Не облегчает её и давняя, но поверхностная увлеченность им - красивым, породистым, уверенным в себе несмотря ни на что - или кажущийся таким, что в данных обстоятельствах было свидетельством стальной выдержки.
На главу американского Аврората хорошо было смотреть только издалека, так казалось Ньюту до сегодняшнего момента. А еще хорошо на него смотреть, когда он сам смотрит так, как на Ньюта сегодня ночью.
Ньют думает что, наверное, не выдержит. Не сейчас, так потом, когда придется остаться с ним наедине в незнакомом городе, каждую минуту вспоминая, какой он, Персиваль Грейвс, под своей броней из самоуверенности и отчужденности.
Податливый, горячий, внимательный и чувственный.
Ньют опускается на постель, наклоняясь, чтобы прикоснуться губами к чужой шее. Персиваль на секунду напрягается, выныривая из сна, но мгновенно ориентируется, где он и подставляется ласке с негромким довольным мурчанием.

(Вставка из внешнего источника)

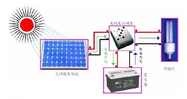 系统工作原理简单,利用光生伏特效应原理制成的太阳能电池白天太阳能电池板接收太阳辐射能并转化为电能输出,经过充放电控制器储存在蓄电池中,夜晚当照度逐渐降低至10lux左右、太阳能电池板开路电压4.5V左右,充放电控制器侦测到这一电压值后动作,蓄电池对灯头放电。蓄电池放电8.5小时后,充放电控制器动作,蓄电池放电结束。充放电控制器的主要作用是保护蓄电池。

- Прости, что разбудил раньше, - горячечно шепчет Ньют, вдыхая с кожи пряный, по-морскому солоноватый запах, и малодушно мечтая о том, что чувствует его не в последний раз. Руки блуждают по крепкому телу, лаская скульптурные изгибы, и Ньют совершенно не контролирует их, да и самого себя не контролирует, не знает, как - только что целуя тонкую кожу в ямке между ключицами - оказался между доверчиво раскинутых ног, вбирая в рот твердую от возбуждения плоть, старательно и почти отчаянно ублажая застонавшего мужчину.
- Каждое утро готов так просыпаться, - бормочет Персиваль, опуская одну руку на затылок Ньюта и путаясь в непослушных рыжих волосах пальцами. Ньют ждет, что он надавит, задаст свой темп, но Персиваль только гладит его по затылку, тяжело дыша и разрешая Ньюту самому решать что и как делать.
Ласкает прикосновениями пальцев, давая понять, что ему хорошо. Хорошо, когда Ньют ласкает губами головку, когда скользит языком по всей длине, когда помогает себе рукой и когда почти трепетно прикасается губами к мошонке. Хорошо, когда Ньют старательно сосет, втягивая щеки и когда, скользнув изящным движением наверх, целует в губы, прижимаясь гибким, разгоряченным телом, умоляя о близости, о заполненности, о безумном чувстве принадлежности.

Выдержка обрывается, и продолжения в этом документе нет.